Question

In the following exercises, use an appropriate test to determine whether the series converges. $$ \left.a_{k}=\left(\frac{k}{k+\ln k}\right)^{2 k} \text { (Hint: } a_{k}=\left(1+\frac{\ln k}{k}\right)^{-(k / \ln k) \ln k^{2}} \cdot\right) $$

Short answer

The series diverges by the Test for Divergence.

Step-by-step solution

Rewrite the Series

The series is given by \( a_k = \left( \frac{k}{k+\ln k} \right)^{2k} \). We begin by rewriting this expression using the hint provided: \( a_k = \left( 1 + \frac{\ln k}{k} \right)^{-\left( \frac{k}{\ln k} \right) \cdot \ln k^2} \).

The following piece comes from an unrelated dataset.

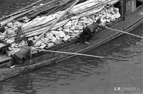 码头上停满了三板船,工人们每天重复着卸船装船的苦力活,只为了在那个动乱的年代能有个温饱
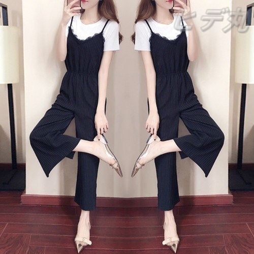 サロペット 20代 30代 40代 50代 コーデ オールインワン レディース ファッション 女性 夏服 秋 春 サロペットパンツ ストライプ Vネック

Recognize it as an Exponential Series

By the expression \( a_k = \left( 1 + \frac{\ln k}{k} \right)^{-\left( \frac{k}{\ln k} \right) \cdot \ln k^2} \), we notice it resembles the exponential form \( (1 + x)^n \). Applying the limit definition of the exponential function, it simplifies to \( e^{-n \cdot x} \).

Simplify the Expression

For large \( k \), the expression becomes: \( a_k \approx \exp\left( - \frac{k}{\ln k} \cdot \ln k^2 \cdot \frac{\ln k}{k} \right) = \exp(-2) \). Thus, each term in the sequence tends to a constant as \( k \to \infty \).

Use the Test for Divergence

The Test for Divergence states that if \( \lim_{k \to \infty} a_k eq 0 \), then the series \( \sum a_k \) diverges. Since \( \lim_{k \to \infty} a_k = e^{-2} eq 0 \), the series does not converge to zero.

Key concepts

Exponential Series

Exponential series are a powerful concept in calculus and analysis, often used to understand complex expressions. Here, we have the series \( a_k = \left( 1 + \frac{\ln k}{k} \right)^{-\left( \frac{k}{\ln k} \right) \cdot \ln k^2} \). This form can be associated with the exponential series because it closely resembles the pattern \((1 + x)^n\), which connects naturally to exponential functions.

The magic of exponential series lies in their relationship with the number \( e \), the base of natural logarithms. The formula \((1 + \frac{x}{n})^n \to e^x\) as \( n \to \infty \), is a fundamental property that helps simplify and solve such problems.

In our series, this relationship explains why simplification leads us to the expression \( e^{-n \cdot x} \). This transformation is crucial in determining the behavior of the series as \( k \) becomes very large.

Test for Divergence

The Test for Divergence is a straightforward yet essential tool in determining the convergence of a series. It states that if the limit of the terms of a series \( \lim_{k \to \infty} a_k eq 0 \), then the series \( \sum a_k \) must diverge. This means that the series does not reach a finite sum and effectively grows indefinitely.

For the given series, \( a_k \approx \exp(-2) \) as \( k \to \infty \). Because \( \exp(-2) eq 0 \), this directly applies the Test for Divergence indicating that the series cannot converge.

Using this test is simple: calculate the limit of the series terms, and if it's anything other than zero, the series diverges. This foundational approach helps quickly identify series that don't sum to a finite value.

Limit Definition

Understanding the limit definition is vital in series analysis. When evaluating whether a series converges, the behavior of the terms as \( k \to \infty \) is crucial. In essence, if the terms of the series do not approach zero, the series can't converge.

In our exercise, the limit \( \lim_{k \to \infty} a_k \) led us to examine the form of \( a_k \) at large \( k \). Using limits, we derived \( a_k \approx e^{-2} \), which shows constancy rather than diminishing towards zero.

The limit definition clarifies how terms that settle on a non-zero constant result in a series that diverges confidently. Grasping this abstract yet practical tool is indispensable for evaluating infinite series effectively.

Expression Simplification

Expression simplification is a crucial skill that makes solving complex series manageable. Starting with the original series expression \( a_k = \left( \frac{k}{k+\ln k} \right)^{2k} \), we rely on algebraic manipulation and hint provided to transform it into a recognizable exponential form.

Switching between forms, particularly into \( a_k = \left( 1 + \frac{\ln k}{k} \right)^{-\left( \frac{k}{\ln k} \right) \cdot \ln k^2} \), allows us to utilize known mathematical principles effectively. Here, it transformed into a situation ripe for applying limits.

By simplifying the sequence down to \( \exp(-2) \), expression simplification aids in seeing clearly whether other series tests, like the Test for Divergence, can be applied. This process underscores the importance of transformation techniques to assess series behavior.